Union County man uncovers prehistoric elephant bone
By LaReeca Rucker
It's hard to believe that the area we live in was once inhabited by animals larger than elephants, but Dave Hill and his son Travis, 16, can prove it. They discovered a 21 pound bone fragment several months ago in the bank of a local creek.
The Hills had previously uncovered fossils and arrowheads while walking "here, there and yonder," but the small finds didn't compare to the large one they uncovered one Sunday afternoon while strolling through a dry ditch.
"We hunt and fish and loaf and peddle," said Dave, "and we were just looking around, seeing what we could find. We walked up about a mile and there it was."
What they found was a piece of bone 35 inches long and 12 and 1/4 inches wide.
"I thought it was either an oddly shaped rock or a piece of drift wood," said Travis, who set the bone up to examine it. "But when I flipped it over, Daddy said it was probably the hip bone of something."
Dave, who learned about the anatomy of animals while growing up on a farm, quickly realized it was not from any animal he had seen before.
"You could set a bowling ball in the socket part," he said. "I knew it had to be a dinosaur bone.

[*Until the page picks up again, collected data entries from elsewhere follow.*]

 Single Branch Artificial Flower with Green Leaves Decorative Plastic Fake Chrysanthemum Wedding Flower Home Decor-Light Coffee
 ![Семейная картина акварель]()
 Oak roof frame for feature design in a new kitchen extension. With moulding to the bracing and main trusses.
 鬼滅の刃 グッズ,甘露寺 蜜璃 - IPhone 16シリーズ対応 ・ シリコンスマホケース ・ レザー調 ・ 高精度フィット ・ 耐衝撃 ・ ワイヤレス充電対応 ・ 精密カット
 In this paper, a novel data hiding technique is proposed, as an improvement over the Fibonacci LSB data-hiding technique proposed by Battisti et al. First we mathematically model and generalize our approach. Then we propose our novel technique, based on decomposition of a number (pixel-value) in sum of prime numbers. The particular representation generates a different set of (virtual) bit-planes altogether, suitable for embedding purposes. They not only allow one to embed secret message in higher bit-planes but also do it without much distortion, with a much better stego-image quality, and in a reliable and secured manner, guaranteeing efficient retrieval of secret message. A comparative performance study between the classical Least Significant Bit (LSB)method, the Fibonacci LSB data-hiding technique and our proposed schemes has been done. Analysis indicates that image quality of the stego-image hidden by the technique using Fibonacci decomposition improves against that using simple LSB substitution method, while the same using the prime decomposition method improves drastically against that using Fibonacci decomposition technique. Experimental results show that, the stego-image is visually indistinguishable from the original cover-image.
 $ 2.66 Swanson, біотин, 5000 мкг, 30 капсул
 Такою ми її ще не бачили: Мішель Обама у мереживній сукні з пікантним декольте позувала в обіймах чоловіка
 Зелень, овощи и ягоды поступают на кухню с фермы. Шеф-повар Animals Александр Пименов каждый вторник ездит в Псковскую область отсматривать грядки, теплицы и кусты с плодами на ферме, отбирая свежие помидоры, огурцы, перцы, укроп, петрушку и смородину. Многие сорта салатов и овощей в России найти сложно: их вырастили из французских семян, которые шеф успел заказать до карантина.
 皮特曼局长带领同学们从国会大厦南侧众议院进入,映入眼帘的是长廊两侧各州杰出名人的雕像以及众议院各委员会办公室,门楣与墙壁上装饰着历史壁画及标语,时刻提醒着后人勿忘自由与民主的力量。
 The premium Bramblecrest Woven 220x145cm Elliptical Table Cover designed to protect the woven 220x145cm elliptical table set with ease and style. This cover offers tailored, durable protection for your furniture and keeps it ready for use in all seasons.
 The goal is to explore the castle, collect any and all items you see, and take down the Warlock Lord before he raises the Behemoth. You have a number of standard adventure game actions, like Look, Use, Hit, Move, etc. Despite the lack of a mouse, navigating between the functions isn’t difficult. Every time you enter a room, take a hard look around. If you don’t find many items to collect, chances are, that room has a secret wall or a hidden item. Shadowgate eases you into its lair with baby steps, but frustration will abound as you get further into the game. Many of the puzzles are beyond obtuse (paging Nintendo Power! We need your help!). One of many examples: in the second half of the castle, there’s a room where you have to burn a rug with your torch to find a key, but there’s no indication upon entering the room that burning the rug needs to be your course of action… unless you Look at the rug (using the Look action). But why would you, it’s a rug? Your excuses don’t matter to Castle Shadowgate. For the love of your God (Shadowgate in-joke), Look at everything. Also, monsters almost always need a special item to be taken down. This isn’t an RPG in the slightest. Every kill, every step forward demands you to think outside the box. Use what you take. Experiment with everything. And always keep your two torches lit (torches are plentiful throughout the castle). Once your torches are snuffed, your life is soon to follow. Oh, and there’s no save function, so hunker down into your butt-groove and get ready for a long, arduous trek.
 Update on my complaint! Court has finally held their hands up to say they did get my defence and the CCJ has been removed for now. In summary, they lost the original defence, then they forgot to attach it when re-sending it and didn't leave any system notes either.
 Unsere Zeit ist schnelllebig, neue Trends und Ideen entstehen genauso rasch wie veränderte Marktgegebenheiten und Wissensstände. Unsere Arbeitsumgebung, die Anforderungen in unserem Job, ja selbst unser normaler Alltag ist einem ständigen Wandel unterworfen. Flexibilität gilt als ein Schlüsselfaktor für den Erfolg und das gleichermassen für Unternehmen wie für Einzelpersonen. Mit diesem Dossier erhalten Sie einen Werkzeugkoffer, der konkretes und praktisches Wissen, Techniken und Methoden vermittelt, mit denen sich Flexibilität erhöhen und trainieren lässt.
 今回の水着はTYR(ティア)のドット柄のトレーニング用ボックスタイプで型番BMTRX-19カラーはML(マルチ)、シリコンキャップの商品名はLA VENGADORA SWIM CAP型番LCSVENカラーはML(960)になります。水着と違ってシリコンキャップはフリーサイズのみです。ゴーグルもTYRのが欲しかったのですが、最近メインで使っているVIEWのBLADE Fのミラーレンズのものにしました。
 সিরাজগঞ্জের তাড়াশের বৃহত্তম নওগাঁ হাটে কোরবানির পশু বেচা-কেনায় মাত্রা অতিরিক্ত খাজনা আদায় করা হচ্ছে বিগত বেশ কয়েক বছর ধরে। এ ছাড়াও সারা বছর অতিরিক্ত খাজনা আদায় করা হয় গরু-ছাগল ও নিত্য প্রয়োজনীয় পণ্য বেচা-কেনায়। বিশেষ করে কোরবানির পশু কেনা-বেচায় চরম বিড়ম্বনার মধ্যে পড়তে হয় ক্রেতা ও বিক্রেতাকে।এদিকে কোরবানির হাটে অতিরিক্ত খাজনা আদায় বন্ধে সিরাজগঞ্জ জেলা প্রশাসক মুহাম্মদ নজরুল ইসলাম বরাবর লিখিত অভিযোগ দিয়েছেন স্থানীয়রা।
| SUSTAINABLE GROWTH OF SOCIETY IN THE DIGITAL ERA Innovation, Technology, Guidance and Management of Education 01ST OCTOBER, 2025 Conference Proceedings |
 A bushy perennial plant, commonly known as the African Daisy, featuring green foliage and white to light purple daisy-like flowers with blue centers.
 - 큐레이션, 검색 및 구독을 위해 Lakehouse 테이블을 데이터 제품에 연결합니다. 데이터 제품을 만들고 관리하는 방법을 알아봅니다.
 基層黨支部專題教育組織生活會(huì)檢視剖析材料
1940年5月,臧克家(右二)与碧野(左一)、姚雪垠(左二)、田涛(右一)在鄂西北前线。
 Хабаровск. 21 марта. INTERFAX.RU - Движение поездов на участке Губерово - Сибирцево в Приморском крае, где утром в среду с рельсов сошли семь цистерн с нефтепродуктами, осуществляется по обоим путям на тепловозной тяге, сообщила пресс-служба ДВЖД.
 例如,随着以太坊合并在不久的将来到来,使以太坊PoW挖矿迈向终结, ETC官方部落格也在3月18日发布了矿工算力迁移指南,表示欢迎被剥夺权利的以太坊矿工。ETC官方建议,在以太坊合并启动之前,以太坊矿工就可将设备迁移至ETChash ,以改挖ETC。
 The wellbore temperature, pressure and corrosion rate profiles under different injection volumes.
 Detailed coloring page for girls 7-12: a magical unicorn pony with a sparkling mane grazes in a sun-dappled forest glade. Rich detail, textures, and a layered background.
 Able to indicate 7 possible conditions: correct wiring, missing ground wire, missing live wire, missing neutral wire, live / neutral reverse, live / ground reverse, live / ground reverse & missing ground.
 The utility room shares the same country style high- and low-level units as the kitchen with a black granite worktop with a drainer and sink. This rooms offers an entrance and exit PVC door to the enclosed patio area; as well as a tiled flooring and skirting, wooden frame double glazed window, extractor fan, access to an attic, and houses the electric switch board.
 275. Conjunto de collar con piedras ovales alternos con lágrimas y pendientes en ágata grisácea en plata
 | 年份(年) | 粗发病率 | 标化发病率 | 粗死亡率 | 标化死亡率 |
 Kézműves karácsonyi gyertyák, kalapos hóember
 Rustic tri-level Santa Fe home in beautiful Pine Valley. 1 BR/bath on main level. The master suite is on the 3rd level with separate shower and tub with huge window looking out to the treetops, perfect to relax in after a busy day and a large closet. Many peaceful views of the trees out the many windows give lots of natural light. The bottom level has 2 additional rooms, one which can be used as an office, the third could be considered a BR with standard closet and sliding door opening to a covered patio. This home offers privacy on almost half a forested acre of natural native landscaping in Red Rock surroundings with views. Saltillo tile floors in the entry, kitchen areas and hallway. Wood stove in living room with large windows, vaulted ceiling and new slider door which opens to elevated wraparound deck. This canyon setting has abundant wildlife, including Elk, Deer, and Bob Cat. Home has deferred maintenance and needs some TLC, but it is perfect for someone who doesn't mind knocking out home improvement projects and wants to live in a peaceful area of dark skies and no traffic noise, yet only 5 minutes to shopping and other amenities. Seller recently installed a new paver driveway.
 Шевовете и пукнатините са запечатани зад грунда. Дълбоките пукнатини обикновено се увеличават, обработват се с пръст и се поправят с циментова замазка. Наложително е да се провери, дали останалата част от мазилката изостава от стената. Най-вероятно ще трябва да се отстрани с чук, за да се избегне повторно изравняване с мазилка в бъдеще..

It couldn't be anything else."
Charles T. Swann, a staff geologist with the University of Mississippi Mineral Resources Institute, told the Hills it was not a dinosaur bone, but rather part of a prehistoric elephant called the mastodon that resembled the woolly mammoth and roamed the United States approximately 16,000 years ago.
To be certain, professor Swann took the bone to Eleanor Daly, a vertebrae paleontologist with the Mississippi Museum of Natural History in Jackson. She could not conclusively decide whether or not the bone was from a mammoth or mastodon, but said it was likely a mastodon because mammoths were more closely associated with colder climates and tundra conditions further north.
While mammoths have been discovered in New York and Texas, mastodons have been found in many states. Most found in Mississippi were discovered in the Mississippi River, but Swann said it would not be unusual to find one further east in Union County.
The age of Hill's specimen was also inconclusive, but Swann estimated that the animal was probably the same age as the 16,000-year-old specimens found in the Mississippi River.
"Since this specimen appears to have come from beneath recent flood plain deposits, I would assume it is approximately the same age," Swann said in a letter to Hill. The age of the mastodon is considerably less than that of dinosaurs, the last of which became extinct around 65 million years ago.
As adults, mastodons' backs reached ceiling height - between 8 to 10 feet - and they weighed 4-6 tons. Their teeth had blunt cones, and scientists believe they ate herbs, shrubs and trees.
The mammals became extinct approximately 10,000 years ago along with the saber-toothed tiger, mammoths, the short-faced skunk and the giant beaver. Before their extinction, the diversity of large mammals in North America was similar to modern Africa.
Today, paleontologists are trying to figure out why only a few large mammals survived extinction in North America, but they believe hunting and environmental causes are two major factors in their disappearance.
Hill hopes to sell the bone if possible, but if he doesn't have a buyer, he will donate it to the Union County Heritage Museum.
"I thought that was pretty neat that we found a bone like that here in Union County," he said. "It kind of caught me off guard. I've been in a lot of creeks, but I never thought we would find this."